In 2017, 8.2 percent of U.S. prisoners—121,420 people—were held in private prisons, according to the most recent data from the Bureau of Justice Statistics. This works out to about 15 percent of federal prisoners and 7 percent of state prisoners at the time. At least 27 states incarcerated people in private facilities, and eight of those states used private facilities to house at least 15 percent of their prison populations (not all states reported data). Montana topped that list with 38 percent of prisoners in private facilities.
Still, across the country the Sentencing Project found that between 2000 and 2016, “the number of people housed in private prisons increased five times faster than the total prison population,” while the “proportion of people detained in private immigration facilities increased by 442 percent.”
Although private facilities are the exception, not the rule, when it comes to prisons, the opposite is true for immigration detention facilities. According to the Detention Watch Network, more than 70 percent of immigration detainees are held in facilities operated by private companies.
Some researchers are turning their attention toward restructuring private prison contracts, rather than banning private involvement in the prison sector.

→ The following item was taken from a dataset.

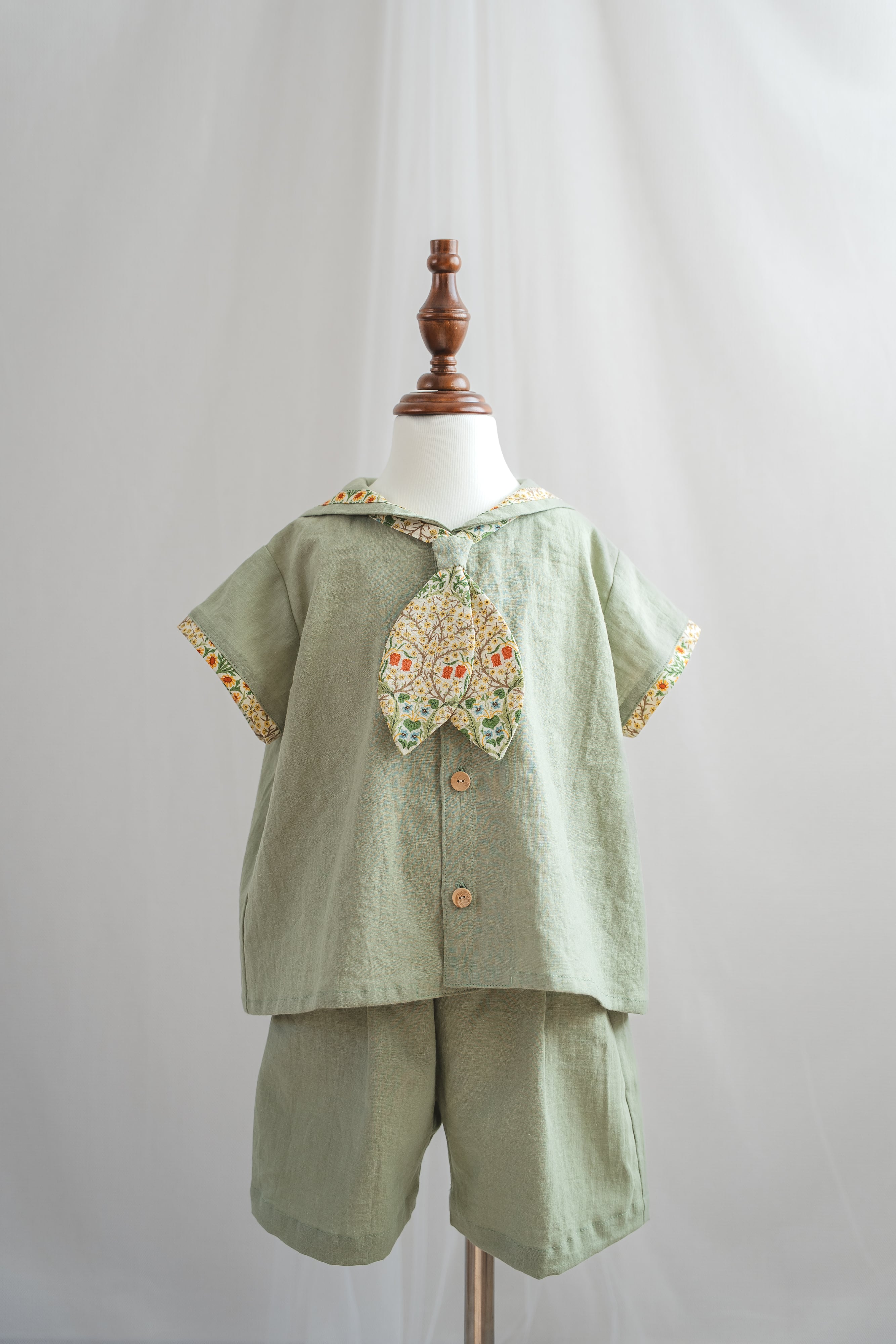 夏に着たい、王道のセーラーカラーのポイントとなるように、Morris/Libertyの美しい柄をセレクトしました。男の子でも可愛い花柄を選びたい、男女で違和感なくお揃いがしたい、シンプルなデザインが好き、そんな方に選んでいただきたい1着です。

“The reality is that private prisons are a tool, and like all tools, you can use them well or use them poorly,” Adrian Moore, vice president of policy at Reason Foundation, said
One alternative is performance-based contracts, which are in place in prison systems in Australia and New Zealand and link payment to measurable good outcomes.
But these models aren’t silver bullets either, Eisen said. An ombudsman report raised concerns over confinement conditions at one of the performance-based facilities Eisen visited in New Zealand, even though that facility had met its goal of reducing recidivism.